Das bedeutet nicht, dass KI scheitert. Es bedeutet, dass die Kurve zwischen Investition und Ertrag länger ist, als die Erwartungen es zulassen. Produktivitätsgewinne aus neuen Technologien setzen sich typischerweise erst durch, wenn eine kritische Masse an Unternehmen die Technologie in ihre Kernprozesse integriert hat – und wenn sich gleichzeitig Geschäftsmodelle, Berufsbilder und Organisationsstrukturen angepasst haben. Beides braucht Zeit.

Der Unterschied zwischen Anwendung und Integration

Hier liegt der entscheidende Trennstrich: zwischen dem Einsatz von KI als Werkzeug und der echten Integration in Wertschöpfungsprozesse. Wer ChatGPT nutzt, um Texte zu überarbeiten, spart vielleicht eine Stunde pro Woche. Wer hingegen Beschaffungsprozesse, Qualitätskontrolle und Kundenservice auf KI-Basis neu strukturiert, verändert das operative Modell grundlegend. Der erste Ansatz kostet wenig und bringt wenig. Der zweite kostet viel – und kann tatsächlich transformieren.

BASF experimentiert mit KI in der Chemieprozessoptimierung und berichtet von messbaren Einsparungen im Energieverbrauch einzelner Anlagen. Deutsche Telekom setzt auf KI in der Netzwerkwartung, um Ausfälle vorherzusagen, bevor sie entstehen. Diese Anwendungen greifen in operative Kernbereiche ein – und genau deshalb haben sie einen spürbaren Effekt auf Kosten und Qualität.

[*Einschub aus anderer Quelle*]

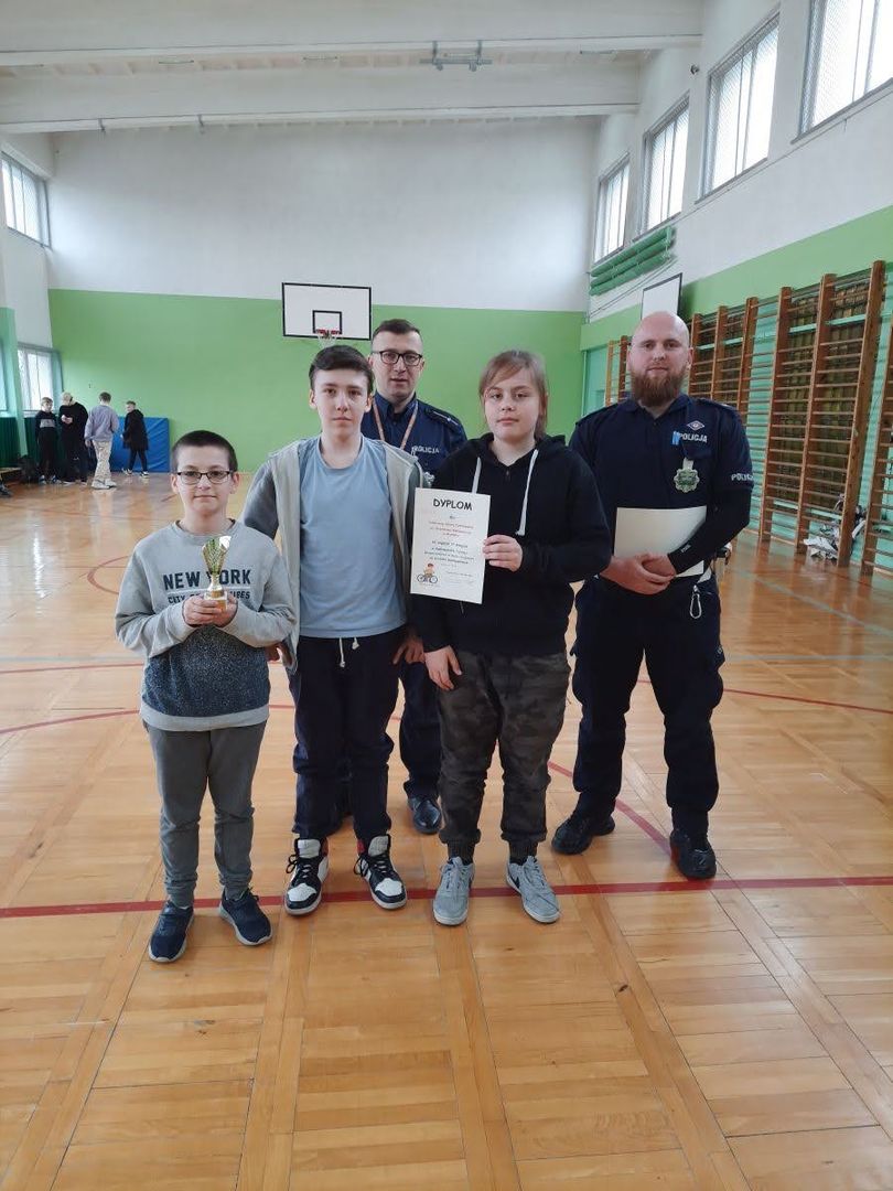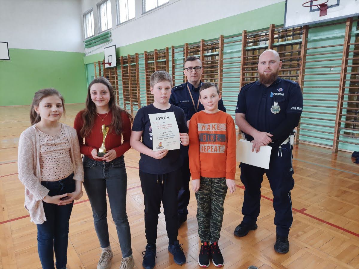"Po dwóch latach przerwy Komenda Powiatowa Policji w Świeciu powróciła do organizacji Ogólnopolskiego Turnieju Bezpieczeństwa w Ruchu Drogowym (BRD). W tym roku eliminacje do części powiatowej turnieju odbyły się w Publicznej Szkole Podstawowej im. Bronisława Malinowskiego w Warlubiu i brały w niej udział drużyny reprezentujące gminy; Nowe, Dragacz i Warlubie. Po części teoretycznej, na którą składał się test dotyczący 25 pytań o przepisach ruchu drogowego i 10 pytań o kolejności przejazdu przez skrzyżowania, uczniowie mieli do pokonania na rowerze tor składający się z sześciu przeszkód. Po podsumowaniu wyników obu części konkursu, młodsza drużyna PSP Warlubie zajęła pierwsze miejsce i będzie brała udział 27 kwietnia w Świeciu w Turnieju Powiatowym, w eliminacjach do Turnieju Wojewódzkiego. Trzymamy kciuki za dobry wynik.

Wann der Produktivitätssprung kommt

Wer auf das große Erwachen wartet, muss vor allem eines mitbringen: Geduld und Klarheit über die eigenen Prozesse. Unternehmen, die heute systematisch ihre Datenbasis aufräumen, ihre Mitarbeitenden qualifizieren und KI-Projekte mit klaren Erfolgsmetriken steuern, bauen einen Vorsprung auf, der sich in zwei bis drei Jahren materialisieren wird. Wer dagegen auf fertige Lösungen wartet oder KI als Marketingthema behandelt, verliert diese Zeit.

Der große Effizienz-Boost kommt – aber nicht für alle gleichzeitig und nicht automatisch. Er kommt für Unternehmen, die aufgehört haben, KI zu feiern, und angefangen haben, KI zu managen.

Häufig gestellte Fragen

Warum schlägt sich KI noch nicht in den Unternehmensgewinnen nieder?
Viele Unternehmen befinden sich noch in der Pilot- und Testphase. Der Sprung von einzelnen Anwendungsfällen zur unternehmensweiten Integration gelingt nur selten – wegen fehlender Datenbasis, mangelnder Fachkompetenz im eigenen Haus und unterschätzter Implementierungskosten. Produktivitätsgewinne aus neuen Technologien brauchen historisch gesehen immer eine gewisse Reifezeit, bis sie sich in gesamtwirtschaftlichen Kennzahlen abbilden.

Was brauchen Unternehmen, um KI wirklich produktiv zu nutzen?
Drei Faktoren sind entscheidend: erstens eine saubere, strukturierte Datenbasis, zweitens Mitarbeitende mit dem nötigen Wissen, KI-Outputs zu bewerten und in Prozesse einzubetten, und drittens ein klares Commitment des Managements, KI nicht als Pilotprojekt zu betreiben, sondern als Teil der operativen Strategie. Unternehmen wie Bosch oder Siemens zeigen, dass systematischer Kompetenzaufbau dabei der entscheidende Hebel ist.

Ist der KI-Hype eine Blase?
Nicht zwangsläufig. Die Technologie hat reales Potenzial – das belegen konkrete Anwendungen in der Fertigungs- und Prozessoptimierung. Was übertrieben ist, sind die kurzfristigen Ertragserwartungen. Der Abstand zwischen Investition und messbarem Ergebnis ist größer als erhofft. Das ist kein Zeichen des Scheiterns, sondern ein typisches Muster beim Einsatz transformativer Technologien – bekannt aus der Einführung von Computer und Internet.